A expectativa estava alta, altíssima. E ela enfim, foi recompensada. Pode-se afirmar que finalmente estamos diante de uma autêntica HQ do Homem-Morcego transposta para a tela de cinema.

Neste novo episódio, Gotham City continua, mais do que nunca, dominada pelo crime. A presença de Batman, ademais, faz surgir um novo problema: estimulados por suas ações, vários cidadãos passam a combater o crime por conta própria, utilizando “bat-uniformes” e perseguindo bandidos. Além disso, a legitimidade de Batman como combatente do crime passa a ser questionada pela população e pela mídia (como realçado no início deste texto, idéia explorada por Frank Miller em sua HQ). Afinal, ele é um justiceiro que atua à margem da legalidade. Em contraposição a este “Cavaleiro das Trevas”, Gotham assiste à ascensão do idealista promotor de justiça Harvey Dent (Aaron Eckhart, muito bem no papel), o “Cavaleiro Branco”, que busca efetivar a justiça e limpar Gotham da criminalidade, mas seguindo os limites da legalidade. O próprio Bruce Wayne/Batman (mais uma vez Christian Bale, competente) começa a enxergar em Dent o herói que a cidade precisa, um herói sem máscara, que não precisa se ocultar na escuridão noturna para realizar suas ações de combate ao crime. Os dois ainda dividem o mesmo interesse romântico: a promotora Rachel Dawes (Maggie Gyllenhaal, com bem mais presença interpretativa que a careteira Katie Holmes, que fez a personagem no filme anterior). Ambos também contam com a ajuda de, agora tenente, Jim Gordon (Gary Oldman, excelente!), um dos raros policiais incorruptíveis de cidade.

Incomodados pelos prejuízos causados por Batman, os maiores mafiosos da cidade resolvem contratar uma espécie de maníaco psicopata que anda chamando atenção nos noticiários para dar cabo do Homem-Morcego: o Coringa! E aqui chegamos ao personagem interpretado pela falecido Heath Ledger.
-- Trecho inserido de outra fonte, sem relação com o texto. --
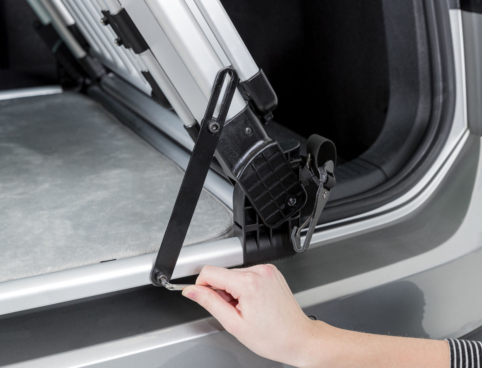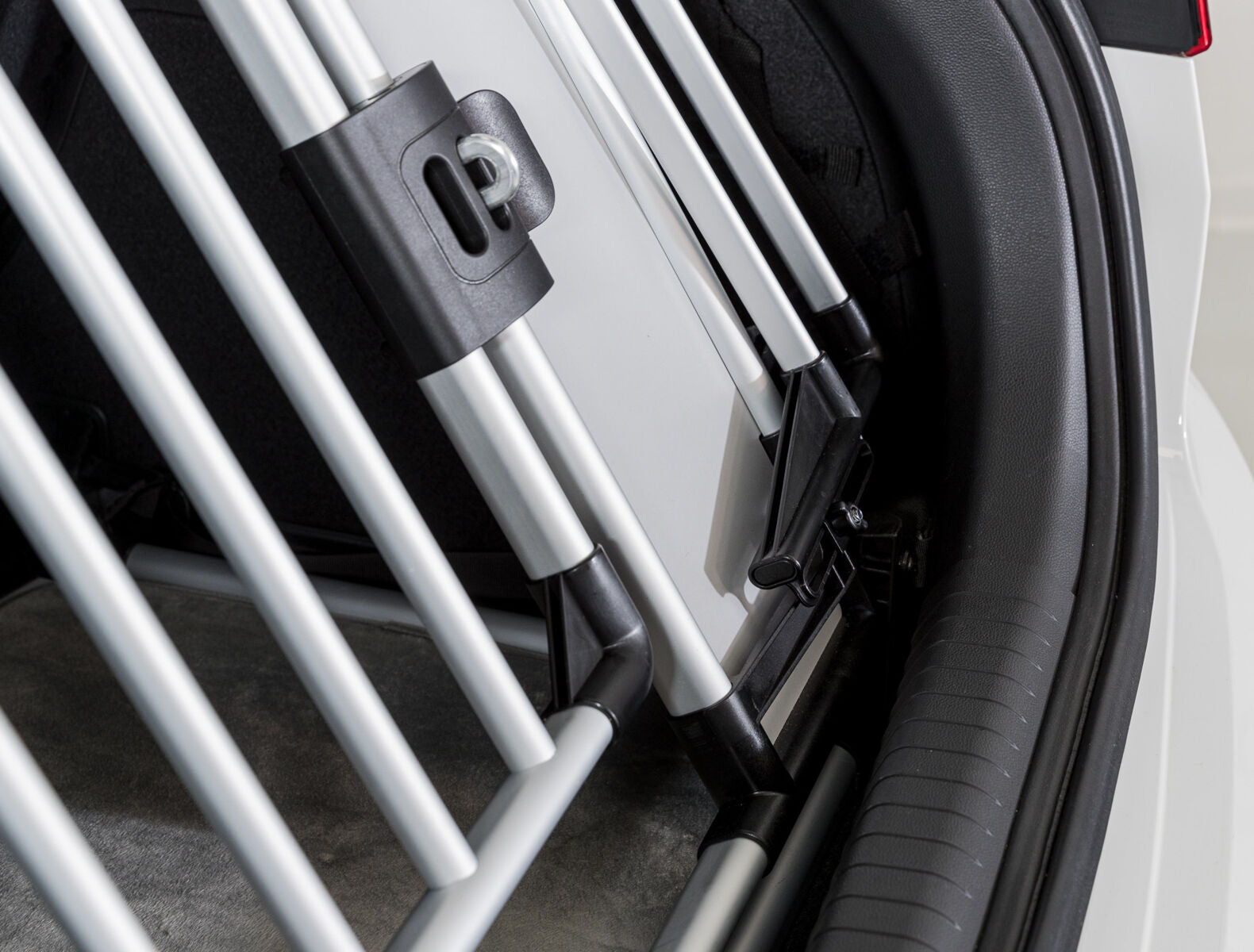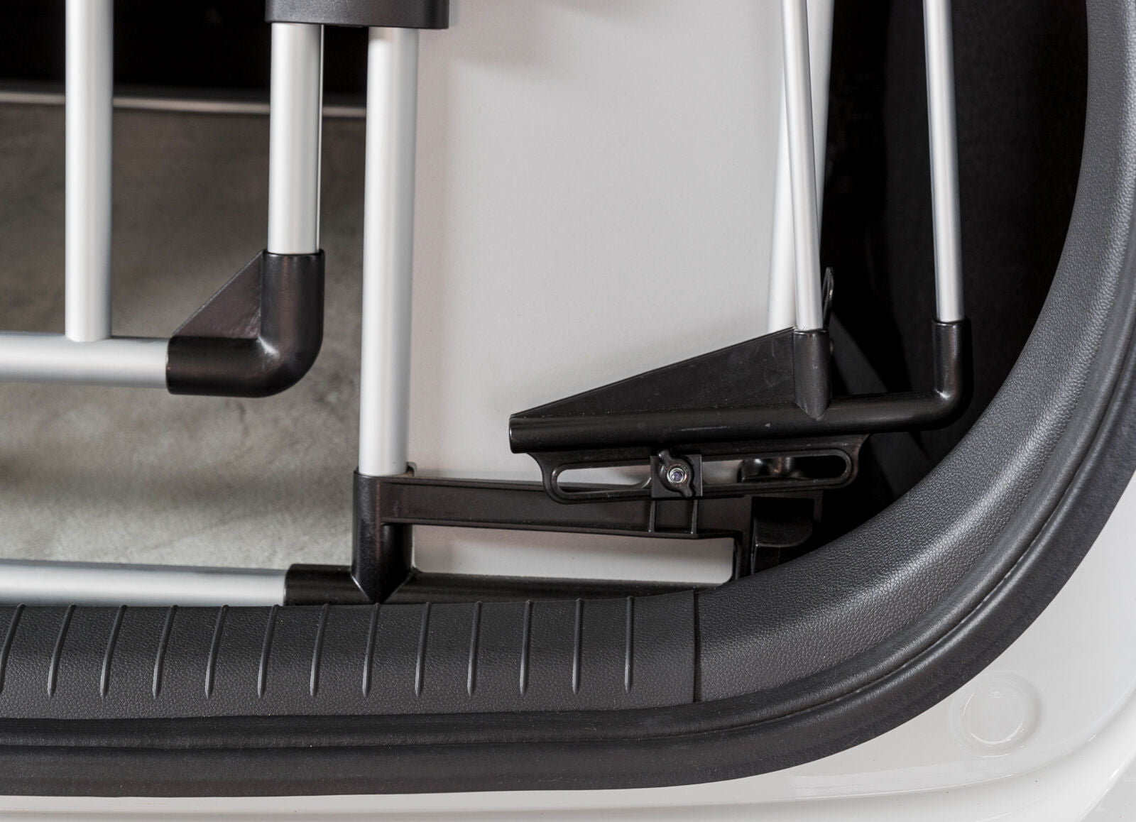 Das Heckgitter wird mit dem Spannmechanismus zwischen Boden und Dach des Fahrzeugs eingespannt. Breite und Höhe lassen sich je nach Fahrzeugmodell anpassen. Kein Bohren erforderlich – rückstandslos entfernbar.

O seu Coringa em quase nada lembra aquele feito por Jack Nicholson no primeiro filme de Tim Burton. A interpretação de Ledger é completamente visceral, conseguindo transpor para tela o Coringa concebido por Frank Miller em sua HQ genial. Com suas frases cortantes, marcantes e faladas em tom de ironia e perversão, o Coringa é o personagem que, em muitas seqüências, acaba roubando a cena. Macabro como nenhum outro vilão da arte seqüencial antes levado à telas, ele se torna o maior tormento de Batman, já que, em suas próprias palavras, ele só existe porque Batman existe e estarão condenados a eternamente se enfrentarem, já que Batman jamais conseguirá simplesmente eliminar seu oponente e este tem sua existência condicionada à de Batman. Com uma maquiagem borrada que esconde cicatrizes em seu rosto (maquiagem concebida pelo próprio Ledger), o Coringa representa a encarnação da morte, não agindo por dinheiro, mas para apenas promover o caos. A verdade é que a atuação de Ledger é tão impactante que muitos, capitaneados por Nolan e Bale, já estão fazendo campanha para sua indicação ao Oscar vindouro e premiação póstuma. Quem assistir ao longa verá que isso não é uma idéia descabida.

Em meio a esse caos surgirá um novo vilão, o Duas-Caras, cuja identidade não vou revelar aqui para não perder o interesse para aqueles que ainda não viram o filme (aqueles que conhecem os quadrinhos sabem de quem se trata). Com metade do rosto deformado, ele decide a vida de suas vítima jogando uma moeda ao ar: o acaso será o responsável pelo destino. Vale dizer que os efeitos especiais responsáveis pelo rosto do Duas-Caras são muito eficientes.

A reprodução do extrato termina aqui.